Supplied material
═══
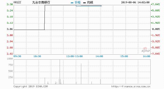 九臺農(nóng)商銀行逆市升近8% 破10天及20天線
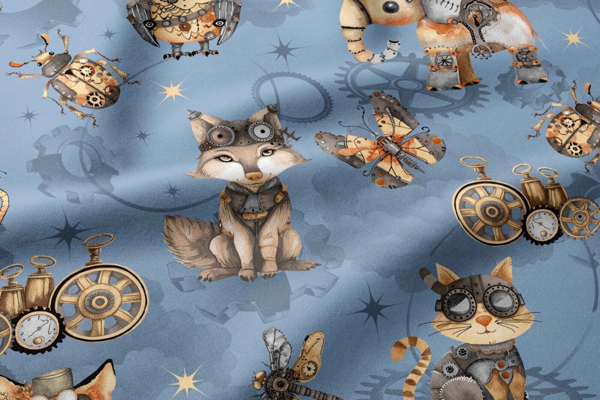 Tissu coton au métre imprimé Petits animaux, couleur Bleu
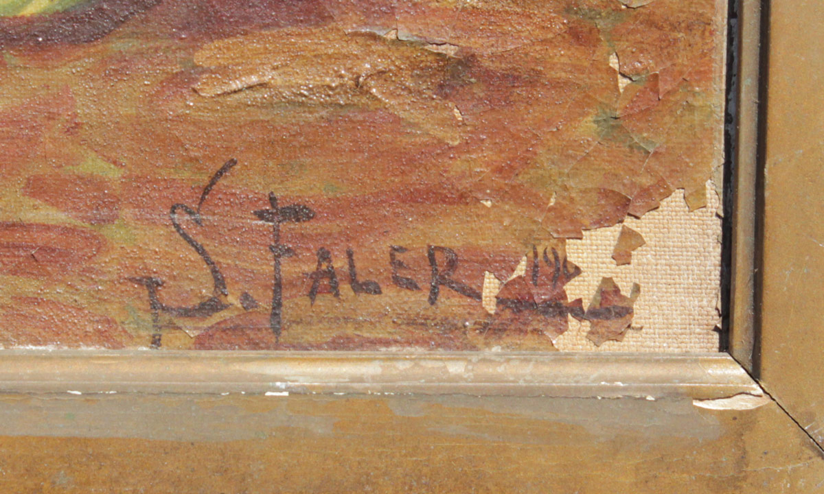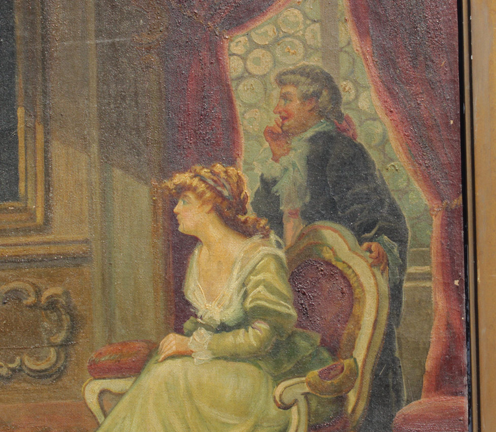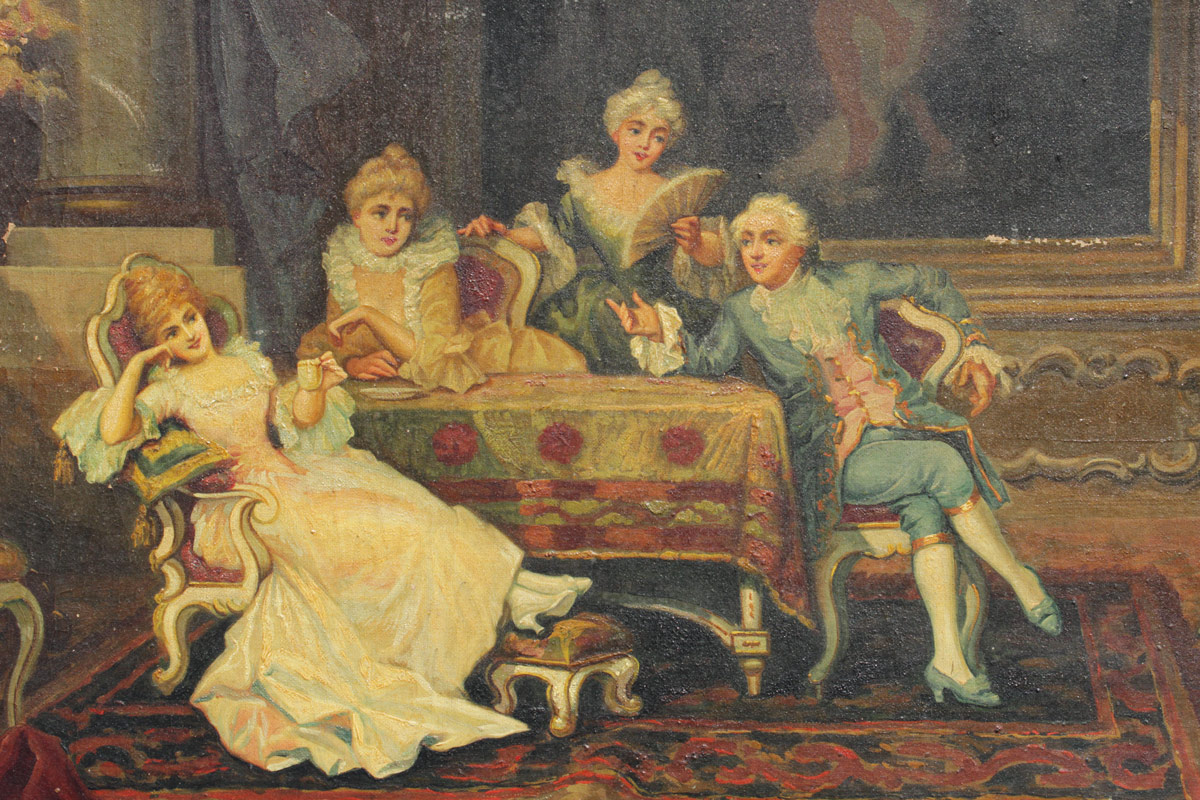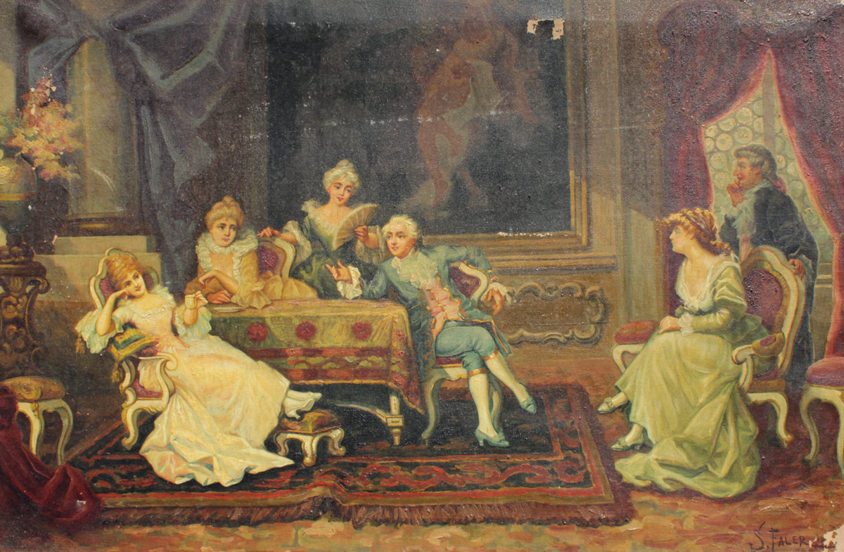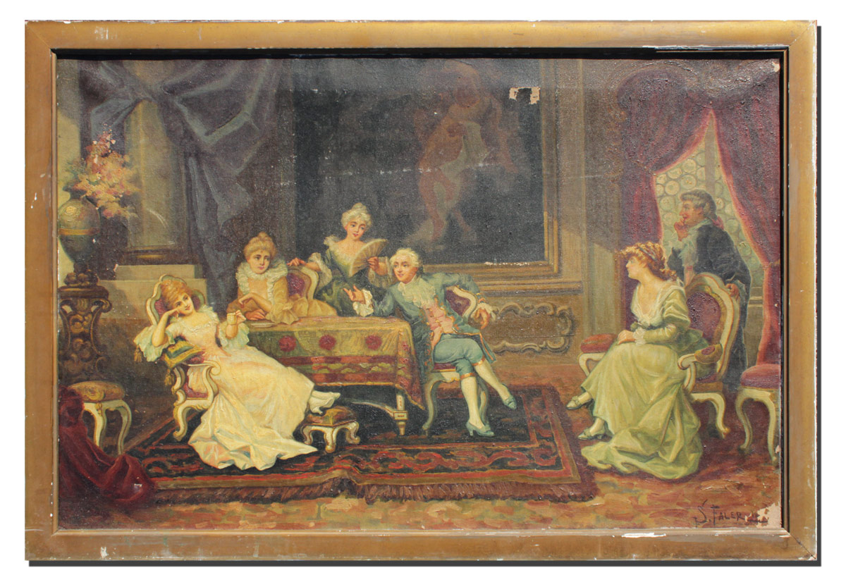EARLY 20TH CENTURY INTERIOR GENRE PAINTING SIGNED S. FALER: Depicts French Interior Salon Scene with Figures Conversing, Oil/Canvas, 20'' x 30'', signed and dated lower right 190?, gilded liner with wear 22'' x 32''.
═══
Your goal
Keep pictures out and return the lines from the one containing "Tissu coton au" through the end of the listing, both included, character for character.

Task response
 Tissu coton au métre imprimé Petits animaux, couleur Bleu
EARLY 20TH CENTURY INTERIOR GENRE PAINTING SIGNED S. FALER: Depicts French Interior Salon Scene with Figures Conversing, Oil/Canvas, 20'' x 30'', signed and dated lower right 190?, gilded liner with wear 22'' x 32''.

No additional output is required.